ゴリッゴリのうどんを求めて

わが家の笑顔おすそわけ #18「夏の麺」〜ぼくさんの場合〜

2021.08.24

きっかけはぼくの「ごりごり食感のおいしいうどんが食べたい!」でした。

10年以上前、福島県の浜通りに住んでいた頃。夏によく、友達と海辺のうどん屋さんに行っていました。近年流行りの小洒落たお店ではなく、昔ながらの味のある(言い換えるなら小汚い)見た目で、うどんを打っている人も結構なおじいちゃん達。

それなのにいつも満員で、土日には家族連れで行列ができていました。みんなが注文するのは、ほとんど決まってキンキンに冷えたおつゆに入ったうどん。ところがこれがびっくするほどに麺がゴリッゴリ!

「今までこんなに食べ応えのある麺は食べたことがない!」と、全員が同じ感想を言うほどなのですが、一度食べてしまったが最後、気が付くと体があの麺を欲するほどに虜になってしまうのです。

残念ながらこのお店は、東日本大震災のあとなくなってしまい、もう二度と味わえないうどんになってしまいました。

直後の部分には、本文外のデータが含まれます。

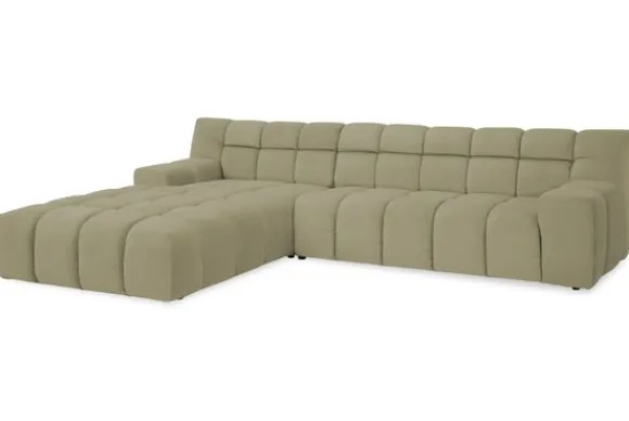 Je kunt kiezen uit verschillende materialen, waaronder stoffen als velvet en boucle. Daarnaast is de bank verkrijgbaar in uiteenlopende kleuren.

だけどぼくは、夏になると毎年、あのうどんのことを思い出してしまいます。上京してから10年。あちこちのおいしいお店に訪れてみたものの、未だ匹敵するコシの強いうどんに出会えず…。「…そうだ。ないなら作ってみよう!!!」と思いついたわけです。

材料は中力粉と、塩と、水だけ。中力粉が無ければ、薄力粉と強力粉を同量混ぜ合わせたものでもよいです。(3人前で、粉300g+水135cc+塩15g。)

塩を水に溶かし、ボウルに入れた粉に少しずつ加え混ぜていきます。

一塊になったらラップをかけて30分休ませ、生地をなじませます。

水分がいきわたって、しっとりとした扱いやすい生地になったら「うどん作り」でよく見る、あの、踏む工程に入ります。

頑丈なビニール袋(普通のポリ袋だと、簡単に破けてしまうので厚地のものがおすすめ)に入れたら15分ほどフミフミ!

踏むと生地がどんどん薄く伸びていくので、そのたびに中の生地を折り畳んで踏みます。ここでグルテンを鍛えることにより、力強いコシが生まれ、ぼくの大好きなゴリゴリ食感に近づいていきます。

生地がつるんと滑らかになったら再びラップに包んで2時間休ませます。

あとは片栗粉やコーンスターチで打ち粉をしつつ、薄く(厚さ2mm)伸ばし、三つ折りにして2mm幅にカット!たっぷりの熱湯で10分ほど茹でて、流水できゅっと締めれば完成です。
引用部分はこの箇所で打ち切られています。